Begitulah ilmu dan petunjuk turun ke dunia manusia. Ia seperti hujan dari langit yang tidak pernah memilih kepada siapa ia akan jatuh. Ia mendatangi rumah orang miskin maupun istana para pembesar. Ia mengetuk hati para pencari kebenaran sekaligus menyentuh dada orang-orang yang merasa dirinya telah paling benar. Tetapi manusia, sebagaimana tanah, memiliki tabiat yang berbeda-beda. Ada yang lembut menerima nasihat, ada yang sekadar menyimpan tanpa menghidupkan, dan ada yang bahkan membiarkan semuanya mengalir sia-sia.

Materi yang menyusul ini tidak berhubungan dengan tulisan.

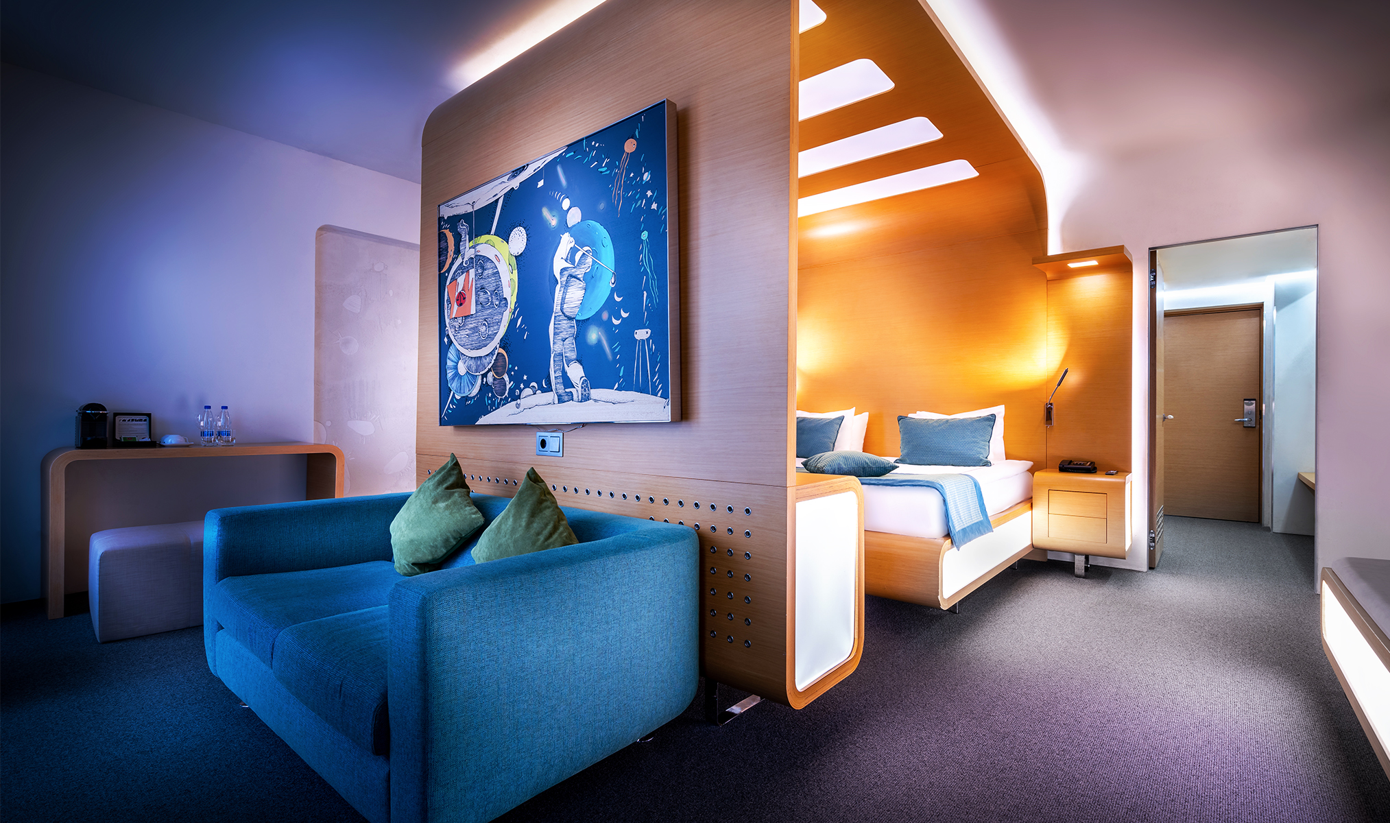 - «Делюкс» с капсулой сна в центре комнаты и эксклюзивными художественными произведениями — оптимальное сочетание удобства и эстетического наслаждения.

Di sebuah kampung kecil yang dikelilingi sawah, hiduplah seorang lelaki tua yang sifatnya seperti tanah subur, yang setiap malam duduk di serambi masjid membawa kitab lusuh di pangkuannya. Wajahnya tidak terkenal, suaranya tidak pernah masuk televisi, tetapi anak-anak kecil selalu duduk melingkar mendengarnya berbicara. Ia cerdas mengumpulkan ilmu dan menyerapnya setelah itu mengajarkan ilmu dengan cara sederhana: menenangkan orang yang marah, mengingatkan orang yang sombong, dan memeluk mereka yang putus asa. Kata-katanya tidak tinggi, tetapi tumbuh di hati banyak orang seperti benih yang menemukan musim hujannya.

Sementara itu, di sudut lain kehidupan, ada orang-orang yang mengumpulkan ilmu seperti tanah datar yang tidak mampu meresap air namun mampu menampung air. Walau tidak cerdas dia mau belajar, ia belajar seperti ibnu hajar al atsqalani yang saat dia berjalan menemui batu yang tertetes air kemudian memiliki keyakinan ilmu akan masuk walau dalam waktu yang lama, dan akhirnya dia bermanfaat untuk orang banyak.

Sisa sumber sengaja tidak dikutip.